Let's analyse dry needling using the important principles of evidence-based practice described above:


1. Is there scientific evidence for dry needling?

Numerous studies have investigated the effectiveness of dry needling for a range of different ailments. Unfortunately, most research conducted is of poor methodological quality, therefore it is difficult to draw conclusions. Currently, the general consensus is:

  • Dry needling is effective at reducing pain in many conditions, but whether it's more effective than 'sham' dry needling treatments is still not yet to be proven. Put simply, the jury is still out due to poor quality evidence. It may be no more effective than a placebo in some cases, but at the very least this placebo can offer temporary relief of symptoms

  • Dry needling alone is unlikely to improve functional outcomes when used in isolation, but may improve outcomes when stacked with other physiotherapy treatment methods such as exercise prescription.

2. What does clinical expertise tell us?

Most consensus statements (the opinion of experts in the field based off a summary of all available evidence) fail to include dry needling as first line treatment in any musculoskeletal conditions, and if they do, the backing evidence is of very low quality. Synthesis of the available evidence should guide therapists to using dry needling at least in combination with other treatment methods rather than as a stand-alone treatment.


3. What are your values?

What type of treatment do you feel you need?

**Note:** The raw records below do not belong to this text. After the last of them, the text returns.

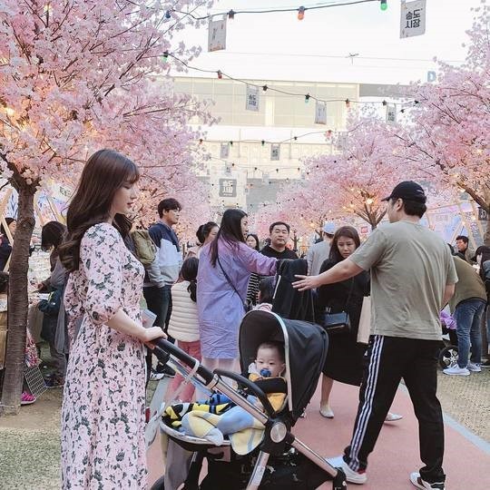 율희, 23세 어린 엄마...유모차 끌고 벚꽃 구경
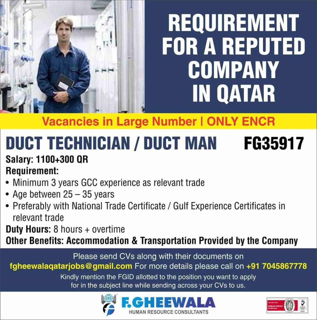 fgheewalaqatarjobs@gmail.com For more details please call on +91 7045867778
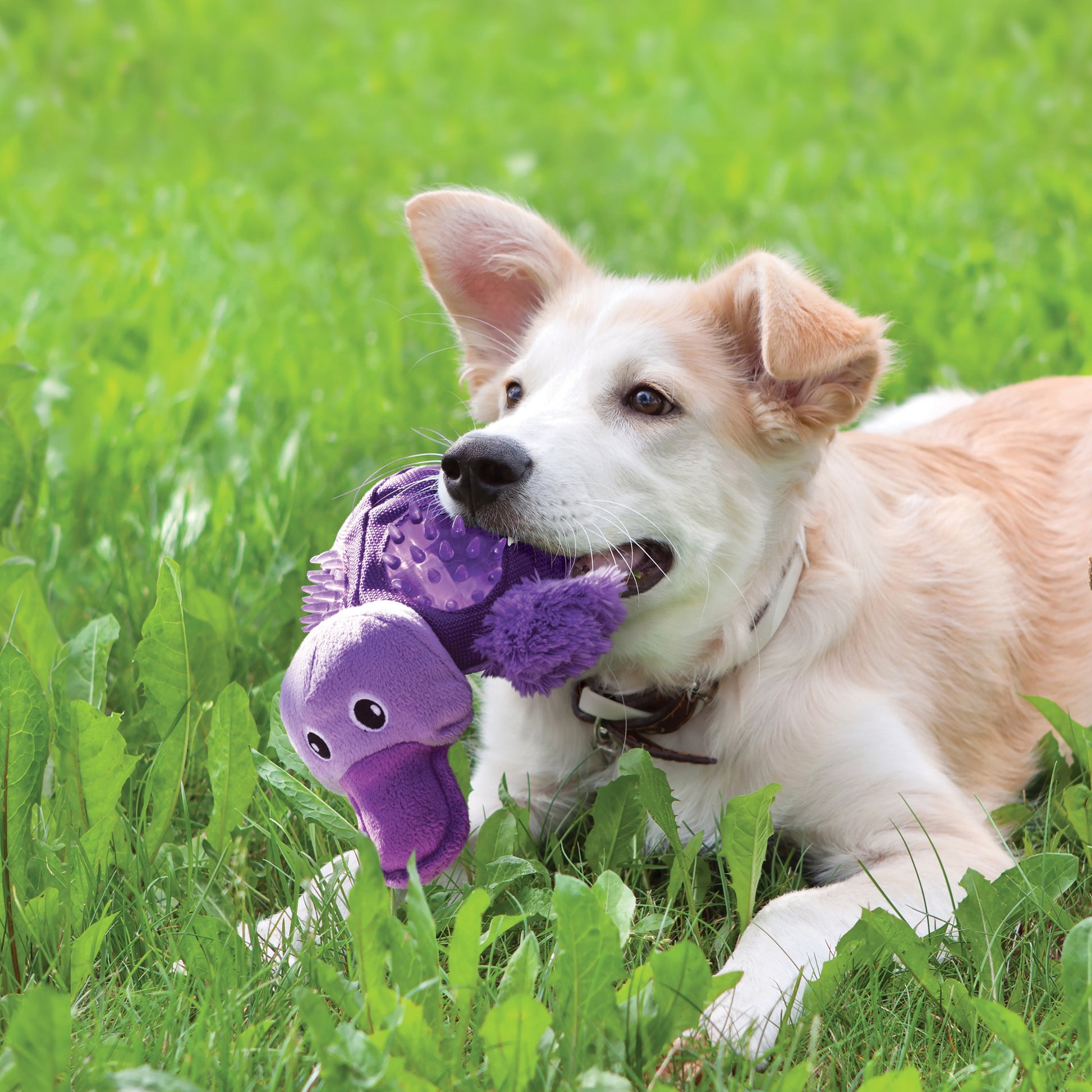 KONG Shells entertain dogs with a buffet of textures that reward with multiple ways to play. Dogs will be intrigued by a tough outer Ballistic shell encased with flexible spikey nubs that fulfill chewing instincts while also cleaning teeth and gums. The inviting squeaker belly adds to the fun.
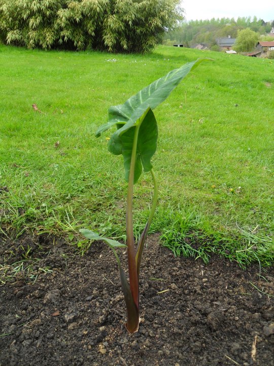 Ik had mijn dochter net voor Kerstmis naar Exotic World in Leuven gestuurd omdat ik een exotisch dinertje in mekaar wou boxen voor Kerstmis. Ik had ze terloops gevraagd wat Taro's mee te brengen om later mee te experimenteren. Nu blijken die knollen een zwarte variëteit te zijn en geen "gewone" groene. Hierbij enkele foto's, de 2de foto is van begin januari, toen stond die knol al een maand in de grond. De volgende 2 foto's zijn van vandaag. Ik heb ondertussen ook de andere 3 knollen opgepot.

Do you feel like you need hands-on deep tissue massage, stretches, therapeutic ultrasound, advice about what exercise to do? Do you believe dry needles will work? Your own beliefs will probably be influenced by your personal experience with dry needles, what you've heard from family and friends, and what your physiotherapist has told you about them. And these beliefs will likely influence how you respond to any treatments used, including dry needling.


What is our recommendation?

As mentioned, current evidence is mostly of low quality therefore it is difficult to draw clear conclusions. A critical eye might lead us to the conclusion that dry needles may be no more effective than placebo, however there does seem to be strong anecdotal evidence from therapists and patients that they have a positive effect on pain and function. There is continuously emerging evidence (of varying methodological quality) of its effectiveness in various musculoskeletal conditions, however there is still debate and lack of clarity on the underlying mechanisms of action.


So, do we still recommend and use them? It is our belief that you should be presented with all the available information so that you can make an informed decision. Many people come to us for treatment with a firm belief that dry needles will benefit them due to their previous experiences, while others are unsure and will rely on us for an unbiased view to inform their decision. Provided you are being treated first with methods which have proven efficacy and effectiveness (whenever possible), then the addition of dry needles often provides some additional benefit if applied by an experienced therapist.